→ **Material shown**:
Content starts

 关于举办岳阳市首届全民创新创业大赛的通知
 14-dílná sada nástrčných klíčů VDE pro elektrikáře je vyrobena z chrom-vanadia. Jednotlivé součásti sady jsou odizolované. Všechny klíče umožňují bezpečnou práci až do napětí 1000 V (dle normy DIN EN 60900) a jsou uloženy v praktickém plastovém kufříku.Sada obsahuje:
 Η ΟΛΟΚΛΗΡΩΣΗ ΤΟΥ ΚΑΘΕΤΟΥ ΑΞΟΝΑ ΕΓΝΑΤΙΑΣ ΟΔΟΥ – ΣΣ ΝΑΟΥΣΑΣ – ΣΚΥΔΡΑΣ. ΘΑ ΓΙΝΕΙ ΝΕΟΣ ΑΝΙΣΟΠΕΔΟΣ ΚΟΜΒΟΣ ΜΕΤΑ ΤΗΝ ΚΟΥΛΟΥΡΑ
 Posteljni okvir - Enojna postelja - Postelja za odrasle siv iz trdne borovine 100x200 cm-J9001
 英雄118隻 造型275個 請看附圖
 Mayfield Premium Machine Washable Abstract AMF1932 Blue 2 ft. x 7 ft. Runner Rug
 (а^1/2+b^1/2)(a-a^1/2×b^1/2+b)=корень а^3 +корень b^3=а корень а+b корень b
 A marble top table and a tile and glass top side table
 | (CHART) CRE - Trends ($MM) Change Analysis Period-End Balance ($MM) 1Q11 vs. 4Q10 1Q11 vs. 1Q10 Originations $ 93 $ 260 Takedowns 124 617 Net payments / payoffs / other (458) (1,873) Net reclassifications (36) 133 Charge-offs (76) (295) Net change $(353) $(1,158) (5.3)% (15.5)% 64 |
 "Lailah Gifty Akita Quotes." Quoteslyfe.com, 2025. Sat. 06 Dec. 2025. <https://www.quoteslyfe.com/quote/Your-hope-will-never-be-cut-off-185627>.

Content ends
Content starts

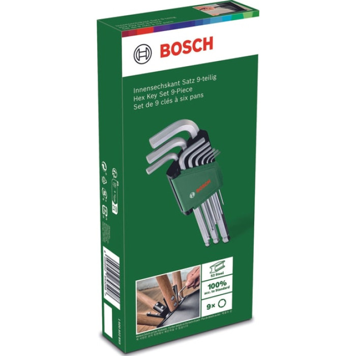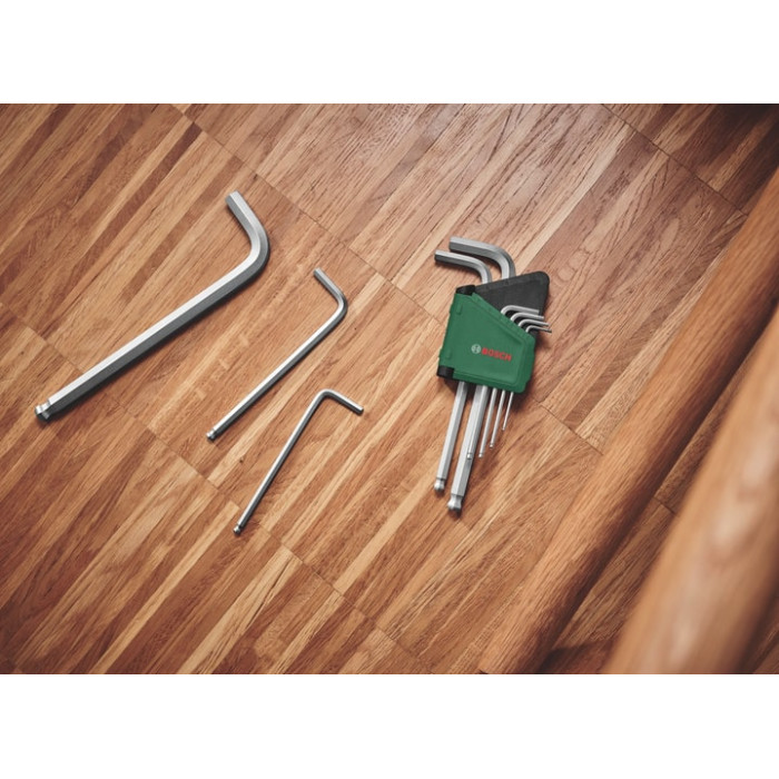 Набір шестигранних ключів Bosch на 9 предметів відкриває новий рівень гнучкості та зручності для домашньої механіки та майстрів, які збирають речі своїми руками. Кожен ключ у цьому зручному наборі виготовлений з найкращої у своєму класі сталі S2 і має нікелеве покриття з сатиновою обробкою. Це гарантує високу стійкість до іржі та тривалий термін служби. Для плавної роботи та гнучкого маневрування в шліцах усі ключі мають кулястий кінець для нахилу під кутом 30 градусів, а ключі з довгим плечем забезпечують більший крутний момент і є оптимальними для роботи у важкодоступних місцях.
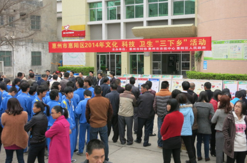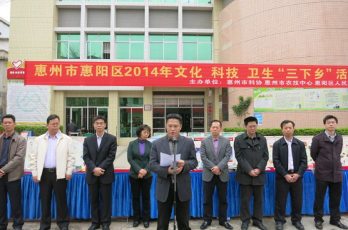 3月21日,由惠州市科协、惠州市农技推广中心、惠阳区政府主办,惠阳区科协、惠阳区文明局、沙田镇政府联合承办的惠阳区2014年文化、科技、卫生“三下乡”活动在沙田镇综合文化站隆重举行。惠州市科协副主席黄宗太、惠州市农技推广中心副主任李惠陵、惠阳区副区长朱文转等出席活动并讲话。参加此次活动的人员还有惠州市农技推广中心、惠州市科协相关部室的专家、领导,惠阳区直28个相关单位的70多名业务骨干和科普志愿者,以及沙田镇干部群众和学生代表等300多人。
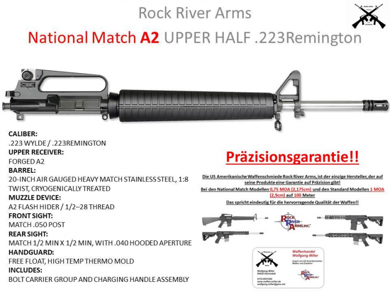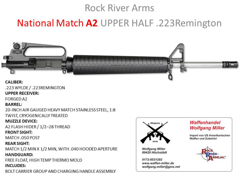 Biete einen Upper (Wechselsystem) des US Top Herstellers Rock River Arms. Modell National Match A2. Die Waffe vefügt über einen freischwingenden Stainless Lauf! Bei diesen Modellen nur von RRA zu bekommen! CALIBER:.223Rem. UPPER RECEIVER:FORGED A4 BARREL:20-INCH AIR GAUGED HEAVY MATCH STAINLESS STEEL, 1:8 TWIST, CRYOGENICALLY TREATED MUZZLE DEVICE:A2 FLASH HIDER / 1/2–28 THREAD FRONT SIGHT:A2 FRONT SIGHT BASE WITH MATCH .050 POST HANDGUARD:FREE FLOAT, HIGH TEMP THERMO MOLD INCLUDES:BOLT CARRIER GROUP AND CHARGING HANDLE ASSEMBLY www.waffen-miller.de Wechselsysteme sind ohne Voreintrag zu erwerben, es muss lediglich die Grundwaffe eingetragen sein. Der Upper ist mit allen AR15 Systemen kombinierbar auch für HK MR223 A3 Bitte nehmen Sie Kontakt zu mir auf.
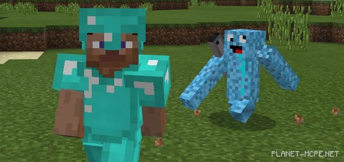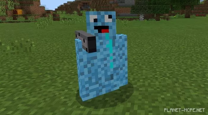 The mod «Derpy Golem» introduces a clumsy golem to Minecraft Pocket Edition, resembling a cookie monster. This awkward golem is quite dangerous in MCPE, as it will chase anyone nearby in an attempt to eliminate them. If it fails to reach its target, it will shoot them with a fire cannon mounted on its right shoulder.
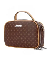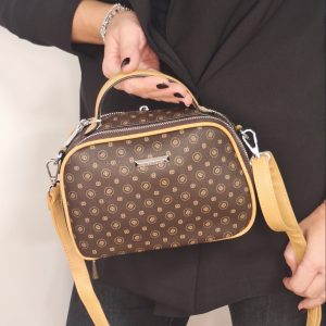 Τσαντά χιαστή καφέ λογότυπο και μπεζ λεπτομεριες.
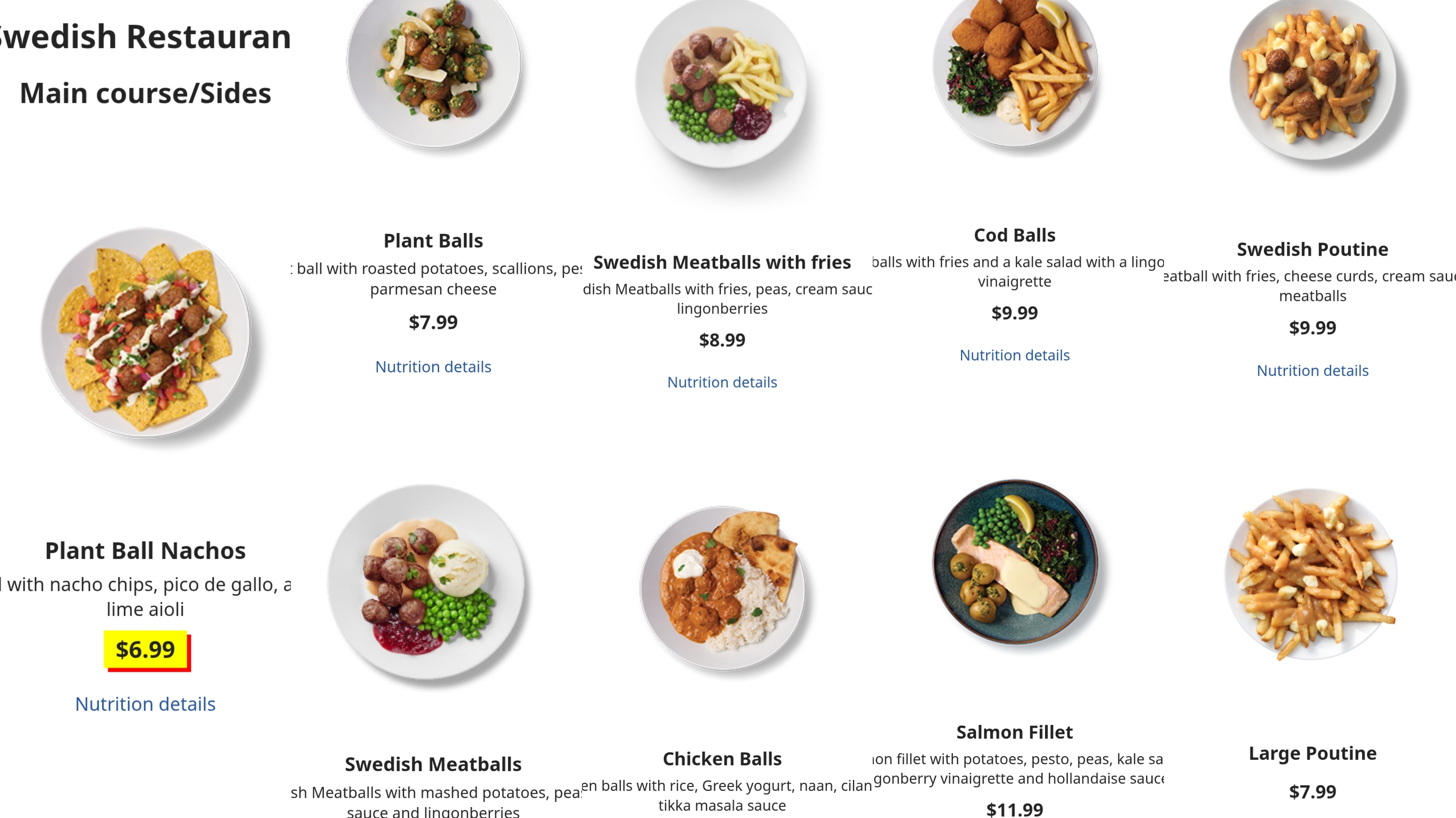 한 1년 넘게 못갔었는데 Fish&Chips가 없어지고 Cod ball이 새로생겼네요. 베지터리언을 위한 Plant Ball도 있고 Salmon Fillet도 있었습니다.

Content ends

→ **Prompt**:
Go down the entries above from the line containing "Biete einen Upper" to the line containing "한 1년 넘게 못갔었는데" and write out each line exactly, leaving pictures out.

→ **Exercise output**:
 Biete einen Upper (Wechselsystem) des US Top Herstellers Rock River Arms. Modell National Match A2. Die Waffe vefügt über einen freischwingenden Stainless Lauf! Bei diesen Modellen nur von RRA zu bekommen! CALIBER:.223Rem. UPPER RECEIVER:FORGED A4 BARREL:20-INCH AIR GAUGED HEAVY MATCH STAINLESS STEEL, 1:8 TWIST, CRYOGENICALLY TREATED MUZZLE DEVICE:A2 FLASH HIDER / 1/2–28 THREAD FRONT SIGHT:A2 FRONT SIGHT BASE WITH MATCH .050 POST HANDGUARD:FREE FLOAT, HIGH TEMP THERMO MOLD INCLUDES:BOLT CARRIER GROUP AND CHARGING HANDLE ASSEMBLY www.waffen-miller.de Wechselsysteme sind ohne Voreintrag zu erwerben, es muss lediglich die Grundwaffe eingetragen sein. Der Upper ist mit allen AR15 Systemen kombinierbar auch für HK MR223 A3 Bitte nehmen Sie Kontakt zu mir auf.
 The mod «Derpy Golem» introduces a clumsy golem to Minecraft Pocket Edition, resembling a cookie monster. This awkward golem is quite dangerous in MCPE, as it will chase anyone nearby in an attempt to eliminate them. If it fails to reach its target, it will shoot them with a fire cannon mounted on its right shoulder.
 Τσαντά χιαστή καφέ λογότυπο και μπεζ λεπτομεριες.
 한 1년 넘게 못갔었는데 Fish&Chips가 없어지고 Cod ball이 새로생겼네요. 베지터리언을 위한 Plant Ball도 있고 Salmon Fillet도 있었습니다.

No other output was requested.